Materials provided:
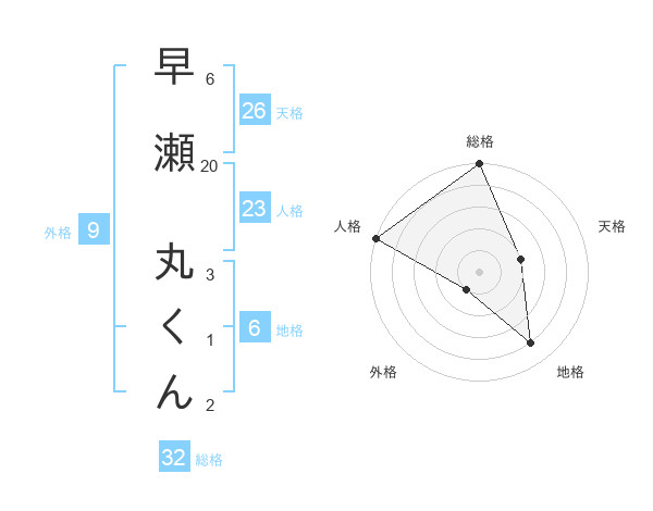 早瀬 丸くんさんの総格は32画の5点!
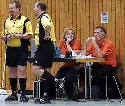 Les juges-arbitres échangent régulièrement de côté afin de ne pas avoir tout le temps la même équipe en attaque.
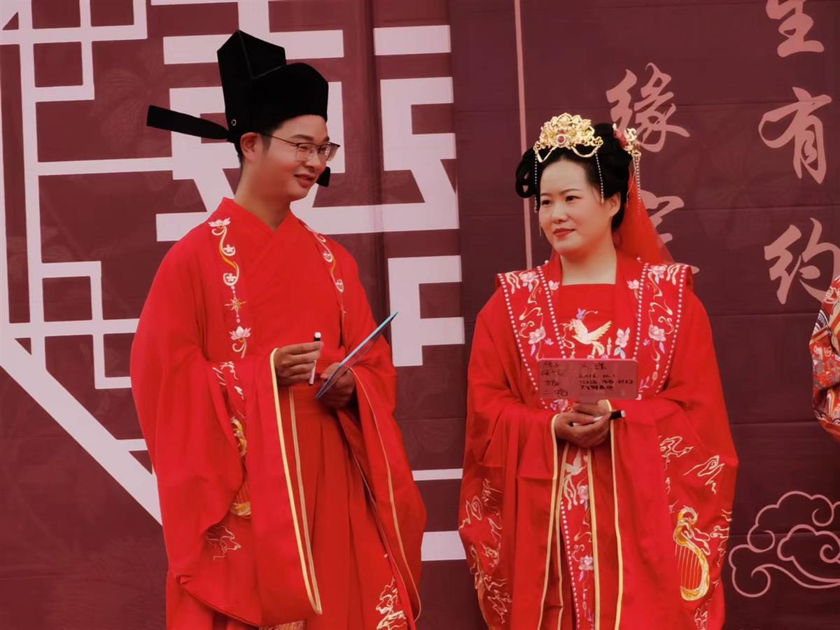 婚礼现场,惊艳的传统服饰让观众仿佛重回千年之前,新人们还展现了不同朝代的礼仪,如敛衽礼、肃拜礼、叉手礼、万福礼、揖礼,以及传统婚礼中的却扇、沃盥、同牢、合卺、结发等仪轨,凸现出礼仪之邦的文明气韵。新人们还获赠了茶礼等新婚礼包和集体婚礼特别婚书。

==

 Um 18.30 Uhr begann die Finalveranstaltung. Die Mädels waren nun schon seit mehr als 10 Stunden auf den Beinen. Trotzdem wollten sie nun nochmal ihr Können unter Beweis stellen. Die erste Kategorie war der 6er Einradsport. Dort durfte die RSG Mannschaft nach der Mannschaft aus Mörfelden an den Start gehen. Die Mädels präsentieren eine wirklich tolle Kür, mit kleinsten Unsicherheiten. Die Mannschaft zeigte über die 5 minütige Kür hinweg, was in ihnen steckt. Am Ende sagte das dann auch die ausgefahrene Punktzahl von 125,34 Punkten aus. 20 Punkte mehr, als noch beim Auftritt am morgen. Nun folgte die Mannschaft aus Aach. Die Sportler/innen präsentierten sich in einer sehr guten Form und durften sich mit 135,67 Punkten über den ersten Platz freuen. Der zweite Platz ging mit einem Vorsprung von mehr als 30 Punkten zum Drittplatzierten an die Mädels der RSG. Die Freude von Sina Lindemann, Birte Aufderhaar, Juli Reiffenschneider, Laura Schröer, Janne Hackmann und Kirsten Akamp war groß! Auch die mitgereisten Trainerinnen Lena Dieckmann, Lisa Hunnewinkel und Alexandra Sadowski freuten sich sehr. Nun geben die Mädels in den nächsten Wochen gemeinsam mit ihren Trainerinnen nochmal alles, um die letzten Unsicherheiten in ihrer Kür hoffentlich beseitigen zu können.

...

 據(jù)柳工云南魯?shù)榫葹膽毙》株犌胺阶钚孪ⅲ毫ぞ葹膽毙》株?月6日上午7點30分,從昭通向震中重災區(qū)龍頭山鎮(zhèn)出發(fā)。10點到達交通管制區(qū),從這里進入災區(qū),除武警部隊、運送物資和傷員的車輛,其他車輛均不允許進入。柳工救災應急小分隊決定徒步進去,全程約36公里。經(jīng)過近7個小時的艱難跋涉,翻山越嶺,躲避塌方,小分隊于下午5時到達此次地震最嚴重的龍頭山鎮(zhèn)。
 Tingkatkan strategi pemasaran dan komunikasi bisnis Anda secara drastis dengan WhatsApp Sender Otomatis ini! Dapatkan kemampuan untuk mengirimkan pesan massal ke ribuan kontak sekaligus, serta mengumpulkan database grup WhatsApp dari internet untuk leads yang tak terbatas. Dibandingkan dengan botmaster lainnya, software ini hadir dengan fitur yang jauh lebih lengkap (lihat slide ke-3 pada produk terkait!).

Instructions to follow: Look above for the line with "Les juges-arbitres échangent" and the line with "婚礼现场,惊艳的传统服饰让观". Give again exactly those two lines and all lines between them, pictures excluded.

Your solution:
 Les juges-arbitres échangent régulièrement de côté afin de ne pas avoir tout le temps la même équipe en attaque.
 婚礼现场,惊艳的传统服饰让观众仿佛重回千年之前,新人们还展现了不同朝代的礼仪,如敛衽礼、肃拜礼、叉手礼、万福礼、揖礼,以及传统婚礼中的却扇、沃盥、同牢、合卺、结发等仪轨,凸现出礼仪之邦的文明气韵。新人们还获赠了茶礼等新婚礼包和集体婚礼特别婚书。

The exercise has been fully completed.